WORK REQUEST » Output every line of the material exactly, omitting images.

RECORDED INFORMATION »
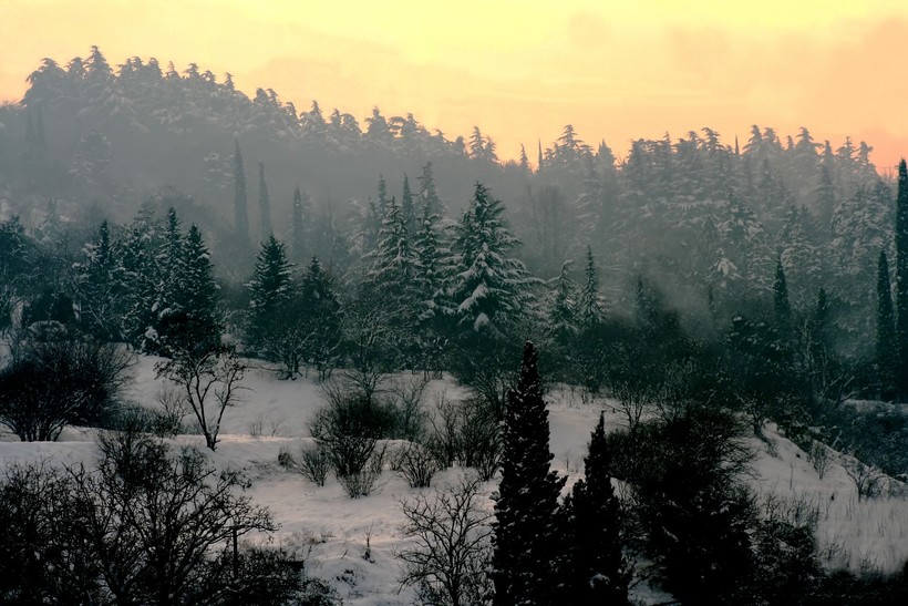 Случается, что в Боржоми наступает настоящая зима. Снег облепляет ветви деревьев, и все вокруг кажется истинной сказкой. В такие дни бывает снежно и тепло, а небольшой температурный минус в сочетании с горными пейзажами настраивает на добрую волну, когда хочется выпить вина или чего покрепче, отобедать кебабом или харчо и пойти исследовать город.
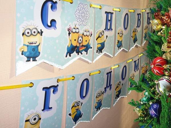 Детишкам наверняка понравятся новогодние гирлянды своими руками, на которых будут изображения их любимых героев мультфильмов и сказок. Оформить такие украшения можно несколькими способами. Например, как показано на фото, сделать отдельные квадратики с буквами поздравления и дополнить каждую из них забавным миньончиком или другим персонажем. Для того, чтобы сделать гирлянды новогодние растяжки с вырезанными мульт героями, можно воспользоваться фотографиями из нашей статьи и многократно распечатать любимого персонажа. Затем вырезать изображения и склеить между собой, чтобы получилась гирлянда.
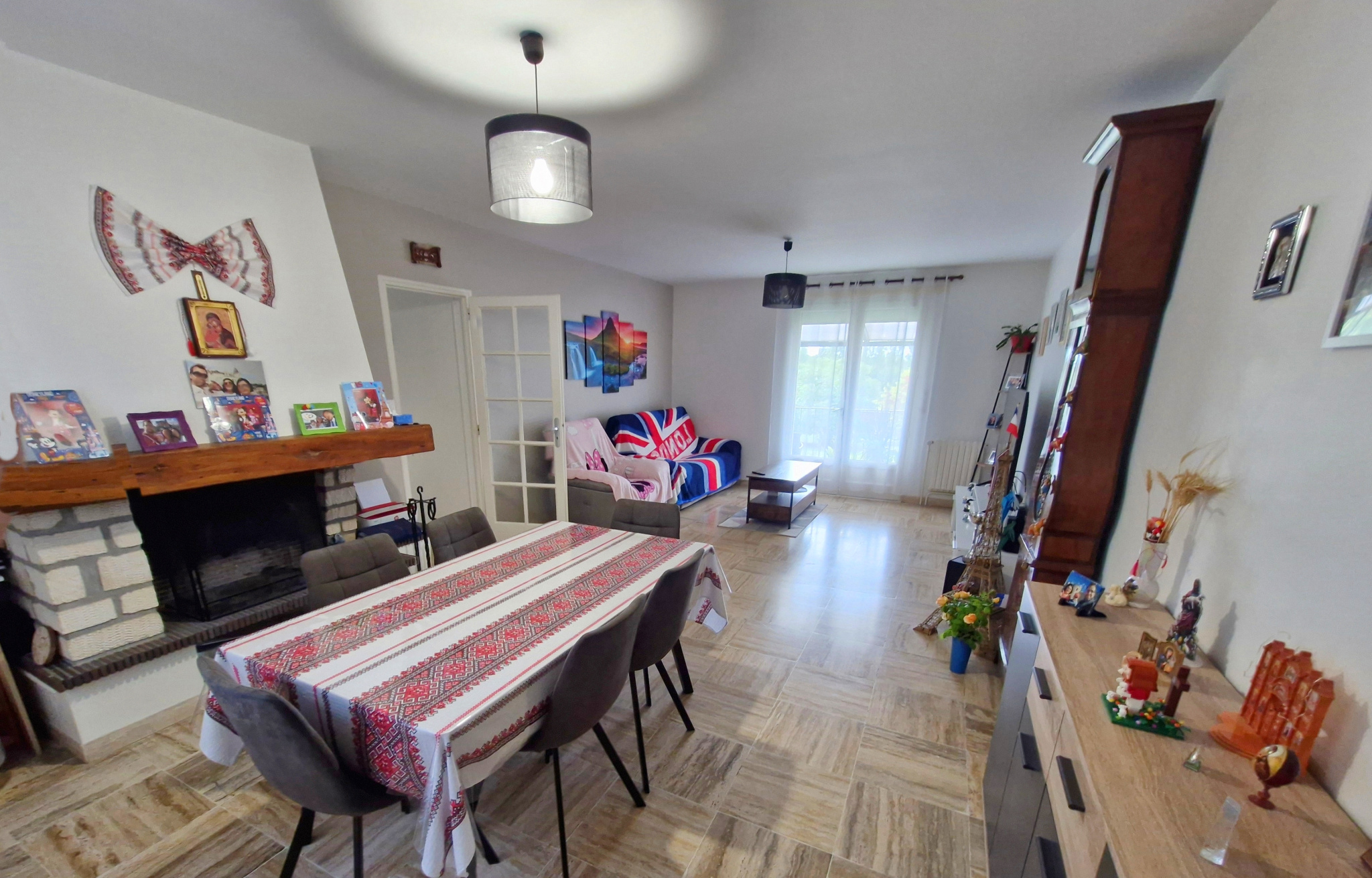 SORTIE DE CHATELLERAULT Secteur OUEST -- MAISON comprenant au rez-de-chaussée : entrée avec placard - séjour double 30m² avec cheminée - cuisine aménagée - dégagement - 3 chambres - salle de bains - wc -- A l'étage : dégagement - 3 chambres (dont une transformée en dressing) - salle d'eau - wc -- Chauffage central GAZ et cheminée bois -- Huisseries double vitrage --- Grand sous-sol de 66m² avec un GARAGE de 27m² -- Autre GARAGE de 25m² -- Grande terrasse couverte (pergola) -- L'ensemble sur un TERRAIN clos et arboré de 2085m².

PROBLEM SOLUTION »
 Случается, что в Боржоми наступает настоящая зима. Снег облепляет ветви деревьев, и все вокруг кажется истинной сказкой. В такие дни бывает снежно и тепло, а небольшой температурный минус в сочетании с горными пейзажами настраивает на добрую волну, когда хочется выпить вина или чего покрепче, отобедать кебабом или харчо и пойти исследовать город.
 Детишкам наверняка понравятся новогодние гирлянды своими руками, на которых будут изображения их любимых героев мультфильмов и сказок. Оформить такие украшения можно несколькими способами. Например, как показано на фото, сделать отдельные квадратики с буквами поздравления и дополнить каждую из них забавным миньончиком или другим персонажем. Для того, чтобы сделать гирлянды новогодние растяжки с вырезанными мульт героями, можно воспользоваться фотографиями из нашей статьи и многократно распечатать любимого персонажа. Затем вырезать изображения и склеить между собой, чтобы получилась гирлянда.
 SORTIE DE CHATELLERAULT Secteur OUEST -- MAISON comprenant au rez-de-chaussée : entrée avec placard - séjour double 30m² avec cheminée - cuisine aménagée - dégagement - 3 chambres - salle de bains - wc -- A l'étage : dégagement - 3 chambres (dont une transformée en dressing) - salle d'eau - wc -- Chauffage central GAZ et cheminée bois -- Huisseries double vitrage --- Grand sous-sol de 66m² avec un GARAGE de 27m² -- Autre GARAGE de 25m² -- Grande terrasse couverte (pergola) -- L'ensemble sur un TERRAIN clos et arboré de 2085m².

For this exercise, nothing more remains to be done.